A world of holidays
By Amy Lavalley Post-Tribune correspondent December 18, 2012 12:46PM
Amelia Boo, dressed as Santa Lucia, offers food and drink to Papa, played by Henry Studebaker, during “God Jul at the Chellberg Farm,” a celebration of a Swedish Christmas, Dec. 8, 2012. | Michael Gard~For Sun-Times Media
AT A GLANCE
For more information about the Indiana Dunes National Lakeshore, go to www.nps.gov/indu/index.htm.
Updated: January 20, 2013 6:07AM
Visitors to the Indiana Dunes National Lakeshore stepped back in time and experienced holiday traditions celebrated by some of the region’s settlers during the annual “Holiday Traditions In the Dunes” program.
Chellberg Farm featured Swedish practices, including the legend of Santa Lucia, while Bailly Homestead presented information on French fur traders and period music. Both included displays of traditional foods.

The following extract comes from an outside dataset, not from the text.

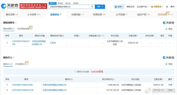天眼查天眼风险信息显示,近日,华谊兄弟(300027)及法定代表人王忠军新增一则限制消费令,执行法院为北京市朝阳区人民法院,案件流程信息显示,此前,该公司已因此案被执行189万余元。

The Nordic Kids also performed Scandinavian dances at the Indiana Dunes Visitor Center. The Douglas Center, in Gary’s Miller neighborhood, offered crafts for greeting cards, ornaments and wrapping paper.
Though her fingers suffered in the cold of the unheated Bailly Homestead, Jullietta Raby, a park volunteer for almost 20 years and member of the Save the Tunes Council, played the fiddle and the octave mandolin for the program. She enjoyed playing period music for those who wandered through the homestead to learn more about the region’s history.
“I just like to keep things unplugged,” said Raby, of Chesterton.
Although Richie Muniz practically grew up hiking at the park, he’d never been inside the homestead until the festival. He went to the event with his fiancé, Amy Mote, and her parents.
Muniz, of Valparaiso, said there’s a kind of romanticism associated with the Bailly home.
“I love this place,” he said, once he finally got inside. “I’ve been peeking through the windows and dreaming.”
Although Ellen Friesenhahn camps at the national park a couple times during summer, she and her husband had never ventured to the park from their home in Chicago for other programs.
Snacking on a slice of Yule log cake, which Friesenhahn said was “really good,” she was surprised by the offseason program.
“I didn’t know so much stuff was going on,” she said, adding she also liked learning about the different cultural traditions.